Political prisoners Miguel Mora, Miguel Mendoza, Suyen Barahona, Félix Maradiaga, Juan Sebastián Chamorro and Róger Reyes also experience this same situation. All of them have been denied the right to communicate by any means with their offspring.
“All prisoners and political prisoners have the right to see their relatives. This regime has systematically violated that right that is established in Nicaraguan legislation and this is especially serious in the case of children and disabled people. The penalties that are unfair should not be extended to the family, boys and girls cannot be punished by punishing the father or the mother”, said the opposition Ana Quirós, member of the Political Council of the Unab.

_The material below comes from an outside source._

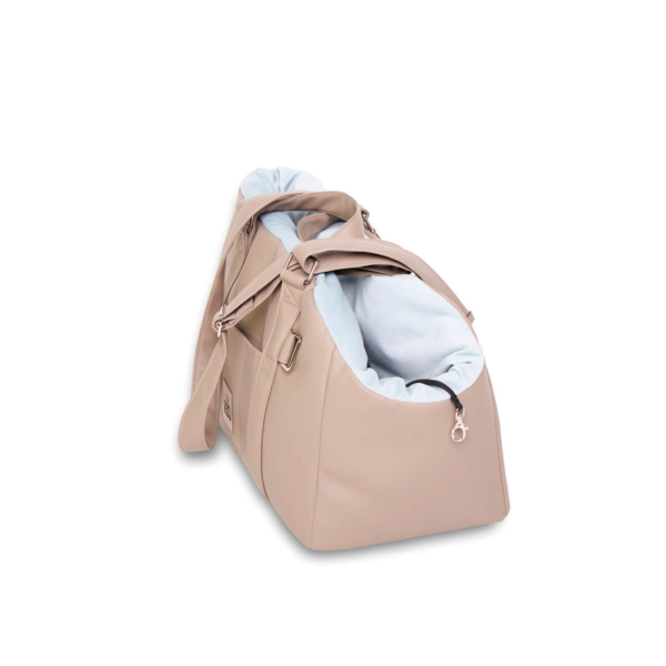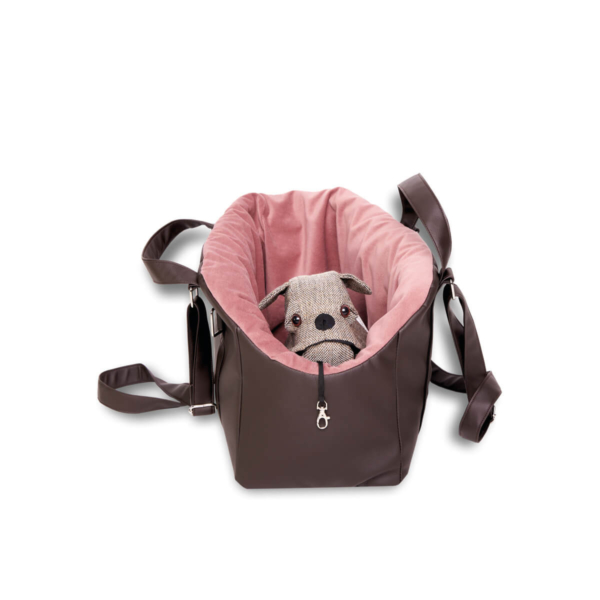 The refined bag/ carrier Keith o has been designed for small pets weighing less than 5 kg (chihuahua, maltese,…) or puppies, to always carry them with you, comfortable and warm, during walks or to put them in the shopping cart in comfort and safety. With removable inner cushion, made of soft fabric with short and thick pile, light texture, easy to clean but resistant to wear. The bag is equipped with both a safety carabiner to be attached to the collar/harness to prevent it from accidentally getting out, and a practical adjustable shoulder strap. Always warm and always with you. Interior in soft, hypoallergenic wadding flake and leather-like fabric cover for an eco-friendly and vegan choice, available in 4 bright shades. Equipped with external pocket, useful to always carry small games, or for the health book.

Quirós explained that, for a five-year-old girl, going without seeing her mother, her main reference for more than a year, is a very serious punishment. She said that it is practically 20% of her life that has been deprived of her mother. She demanded that the regime regularize visits to the relatives of political prisoners, and especially to children.
“Tamara Dávila has the right to see her daughter, Miguel Mendoza has the right to see her daughter, as well as all political prisoners. People who are abroad also have the right to communicate with them and should be able to talk on the phone, receive letters, photos and have daily communication », she stated.
A lawyer, on condition of anonymity, explained to Article 66 that visits between prisoners of conscience and their sons and daughters should be every 15 days because it is a right of children and adolescents who are protected in the Family Code. The jurist pointed out that the law establishes that fathers, mothers, sons and daughters must maintain communication and that this right is not extinguished because the parents are in prison.
The only mechanism that has been effective so that the political prisoners Tamara Dávila and Miguel Mora could see their children last Saturday, August 20, was a hunger strike. The regime relented and allowed both prisoners of conscience to meet them after 15 months under forced separation.